START Source material
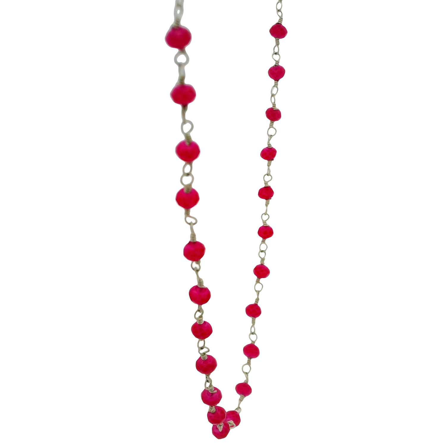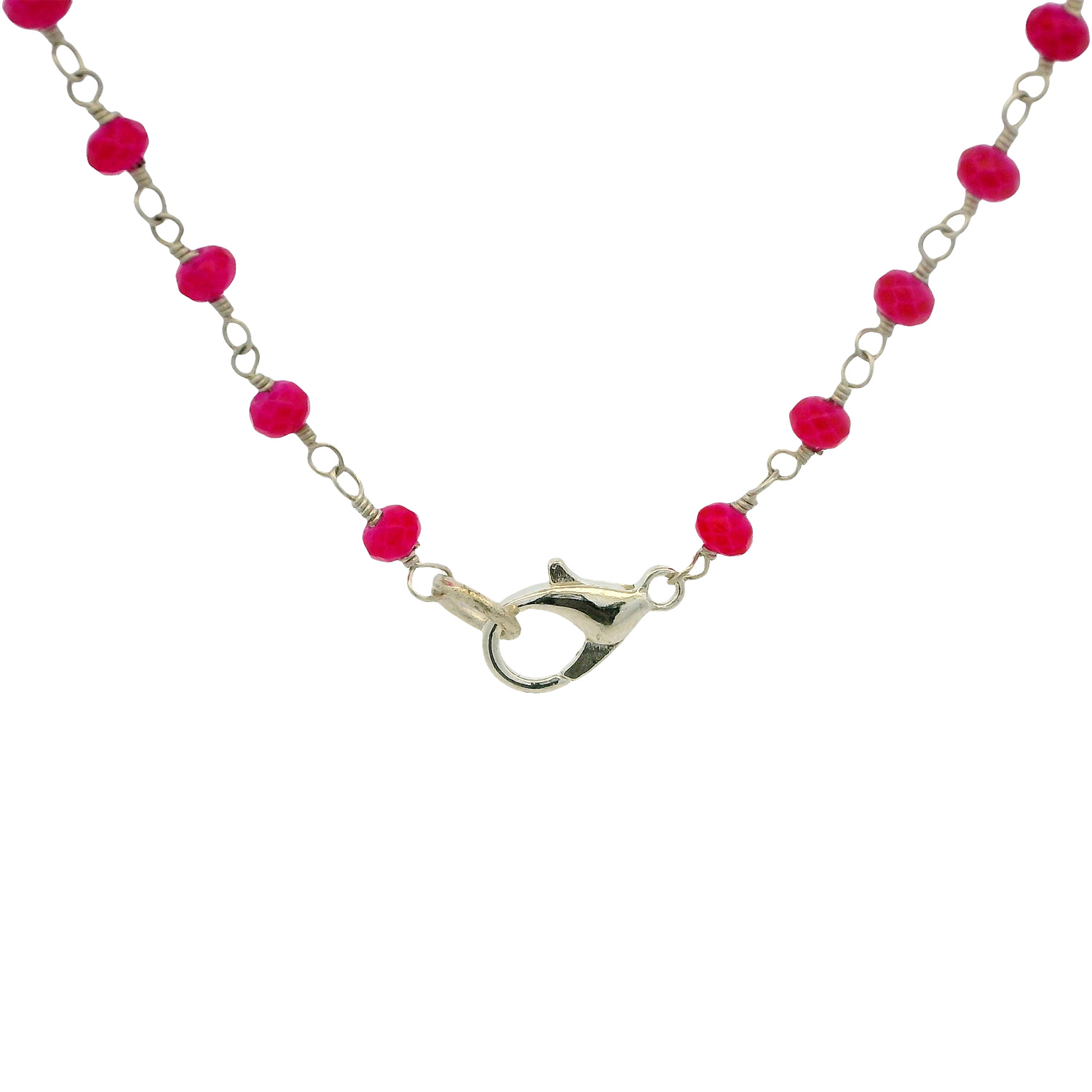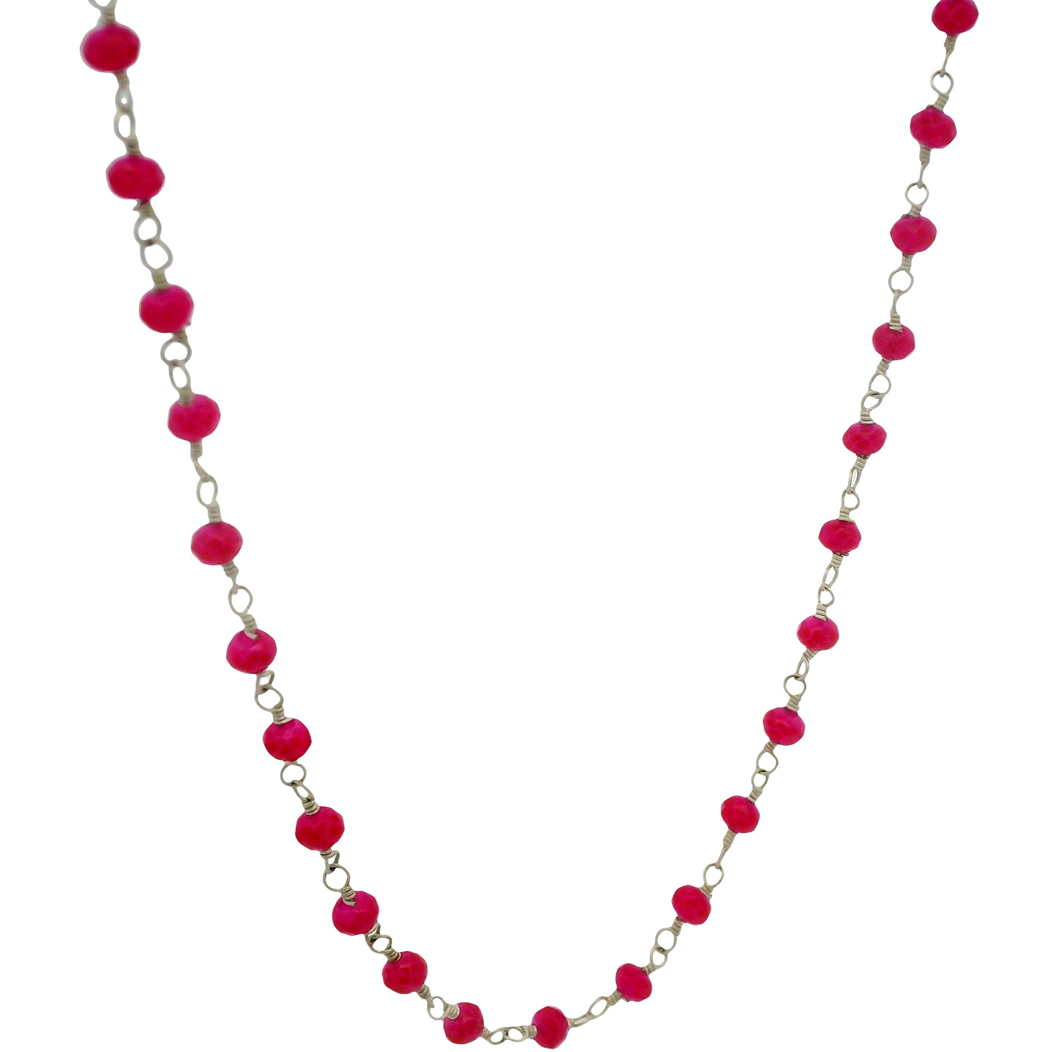 Gehna Jaipur Pink Chalcedony Color Cubic Zirconia Beads Necklace (Silver) For Girls & Women CC-1018
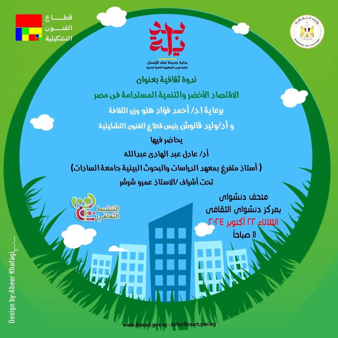 يعقد قطاع الفنون التشكيلية برئاسة الدكتور وليد قانوش ندوة ثقافية بعنوان "الاقتصاد الأخضر والتنمية المستدامة فى مصر" وذلك بمركز دنشواى الثقافي يوم الثلاثاء الموافق 22 أكتوبر 2024م الساعة 11صباحًا بمتحف دنشواى بالمنوفية.
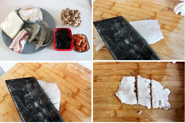 泡菜海鲜豆腐汤的材料:豆腐200g、五花肉100g、虾8个、鱿鱼2条、辣白菜一小碗、韩式辣椒酱1大勺、蘑菇100g、料酒1小勺、大葱1段、料酒少许
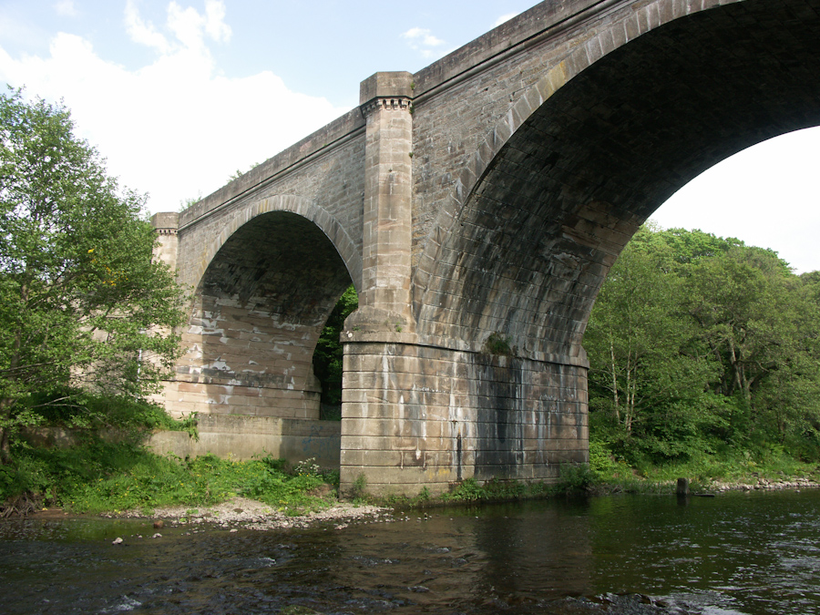 It has four segmental spans and a semicircular flood arch on the west side. The piers have semi-hexagonal pillars above them which rise to make refuges at the parapet level. These refuges are corbelled which gives the effect of castle towers, in line with Mitchell's usual style when building railways in the Highlands. [1]
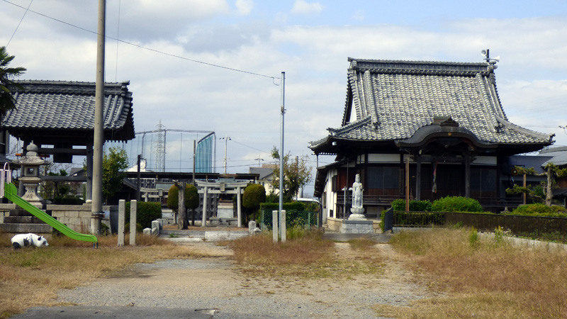 鎌倉時代建立の四脚門があるというので訪れたんだけど、修復中で全体が足場で囲われていて、見えませんでした。
END Source material
Task instructions. Would you give the records again exactly, dropping the pictures?

Result of this task.
 Gehna Jaipur Pink Chalcedony Color Cubic Zirconia Beads Necklace (Silver) For Girls & Women CC-1018
 يعقد قطاع الفنون التشكيلية برئاسة الدكتور وليد قانوش ندوة ثقافية بعنوان "الاقتصاد الأخضر والتنمية المستدامة فى مصر" وذلك بمركز دنشواى الثقافي يوم الثلاثاء الموافق 22 أكتوبر 2024م الساعة 11صباحًا بمتحف دنشواى بالمنوفية.
 泡菜海鲜豆腐汤的材料:豆腐200g、五花肉100g、虾8个、鱿鱼2条、辣白菜一小碗、韩式辣椒酱1大勺、蘑菇100g、料酒1小勺、大葱1段、料酒少许
 It has four segmental spans and a semicircular flood arch on the west side. The piers have semi-hexagonal pillars above them which rise to make refuges at the parapet level. These refuges are corbelled which gives the effect of castle towers, in line with Mitchell's usual style when building railways in the Highlands. [1]
 鎌倉時代建立の四脚門があるというので訪れたんだけど、修復中で全体が足場で囲われていて、見えませんでした。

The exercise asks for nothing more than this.